Path: utzoo!utgpu!news-server.csri.toronto.edu!rutgers!tut.cis.ohio-state.edu!snorkelwacker.mit.edu!hsdndev!spdcc!ima!dirtydog!suitti
From: suitti@ima.isc.com (Stephen Uitti)
Newsgroups: comp.benchmarks
Subject: Re: Ole Swang's benchmark: Sum of Harmonic Series
Message-ID: <1990Dec28.004003.6807@dirtydog.ima.isc.com>
Date: 28 Dec 90 00:40:03 GMT
References: <OLES.90Dec13213301@kelvin.uio.no> <44125@mips.mips.COM> <1990Dec19.004003.20667@dirtydog.ima.isc.com> <2720@sixhub.UUCP>
Sender: news@dirtydog.ima.isc.com (NEWS ADMIN)
Reply-To: suitti@ima.isc.com (Stephen Uitti)
Organization: Interactive Systems, Cambridge, MA 02138-5302
Lines: 88

In article <2720@sixhub.UUCP> davidsen@sixhub.UUCP (bill davidsen) writes:
>In article <1990Dec19.004003.20667@dirtydog.ima.isc.com> suitti@ima.isc.com (Stephen Uitti) writes:
>
>| The do-while is faster.  On the 386/25 with 387, the "for" loop
>| took 101.6 seconds, and the "do-while" loop took 99.8 seconds.
>
>    Nope. You have changed both the loop type and the algorithm here.
>The corresponding for loop would be
>
>	for (n=100000; --n; ) { ... }
>
>and the reason your version runs faster is that it avoids the compare,
>not because it's a do-while.
>
>  As in most benchmarks the effect of changing the program to make it
>faster also means the numbers no longer compare to the old values in a
>meaningful way.

As a benchmark of machines, it is pretty bad.  It does lots of
floating point divides, with some loop overhead.  What the benchmark
might be able to tell us is something about tuning floating point
divides or loop overhead.

Floating point divides don't happen to interest me much, but loop
overhead does, since lots of programs have it.

I'm aware that my version wasn't the same as the original - it
can even produce a different answer.  It is interesting that your
version is not the same as my do-while.  For one, it doesn't
compute 1/100000.  The condition is performed before the loop,
and your decrement is there.
	for (i = 10000000; i != 0; i--) {
is more accurate.

Oddly, this generates
	decl %eax
	jne .L5

for one compiler, and

	decl	%edi
	testl	%edi,%edi
	jne	.L70

for another on the same system.  However, the do-while generates

	decl	%edi
	jne	.L69

on the available compilers.  At on time, I thought that Dennis put
the do-while into the language just for subtract-one-and-branch
instructions.

It is more difficult for a compiler to notice that a 'for' loop
can be optimized to get rid of the compare.  In a 'for' loop, the
test really is at the top.  In a 'do-while', the test is at the
bottom, where the optimization is.

Now, getting rid of one of the loop overhead instructions on the
386/25 (with 387) speeds up the program by 1.8% - hardly
noticeable for any real program.  The problem is that the
instruction that is removed is one of 12 for the loop, and by
comparison, a very quick one.  Loop unrolling should do better.
However, unrolling it 10 times, slows down the program to 104.6
seconds.  Stuffing 79 instructions into the loop probably means
the 386's cache isn't getting hit as much - more than undoing any
benefits.  In fact, unrolling the loop 5 times is also slower
than not unrolling.  I wonder if there are compilers out there
that can do loop unrolling that also know how big caches are.
Are they smart enough to optimize this benchmark?  The loop index
is not invariant- it gets used in the loop.

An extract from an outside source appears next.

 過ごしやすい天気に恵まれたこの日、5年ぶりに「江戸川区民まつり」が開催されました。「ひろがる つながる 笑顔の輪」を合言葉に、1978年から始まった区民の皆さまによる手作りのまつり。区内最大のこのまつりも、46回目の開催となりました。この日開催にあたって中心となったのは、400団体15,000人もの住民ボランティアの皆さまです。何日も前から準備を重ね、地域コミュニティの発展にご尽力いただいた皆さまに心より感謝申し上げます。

I've been attempting to get this trivial benchmark to tell me
something about the tools I have.  I doesn't have anything really
exciting to say - just give or take a couple percent.  I don't
attempt to make my compilers faster - even when I have source -
it isn't my job.  I try to use the tools available.  For example,
use multiplies over divides.  My motto has been "Don't trust the
compiler to convert 'x / 5.0' into 'x * 0.2'".

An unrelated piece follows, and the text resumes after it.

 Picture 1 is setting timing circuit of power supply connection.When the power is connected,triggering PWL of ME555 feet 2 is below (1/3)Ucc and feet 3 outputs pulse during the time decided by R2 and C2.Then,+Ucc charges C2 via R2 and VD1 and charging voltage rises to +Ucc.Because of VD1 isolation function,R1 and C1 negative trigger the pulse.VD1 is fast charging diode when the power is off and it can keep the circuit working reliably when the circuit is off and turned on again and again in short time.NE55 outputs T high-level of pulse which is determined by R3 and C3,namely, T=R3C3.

However, some of the older, dumber compilers produce faster code
than newer, smarter compilers.  The new ones seem to get caught
up in attempting to figure out what my pointers are doing so much
that they forget about the simpler optimizations that were
designed into the language.  I don't know whether to laugh or cry.

Stephen.
suitti@ima.isc.com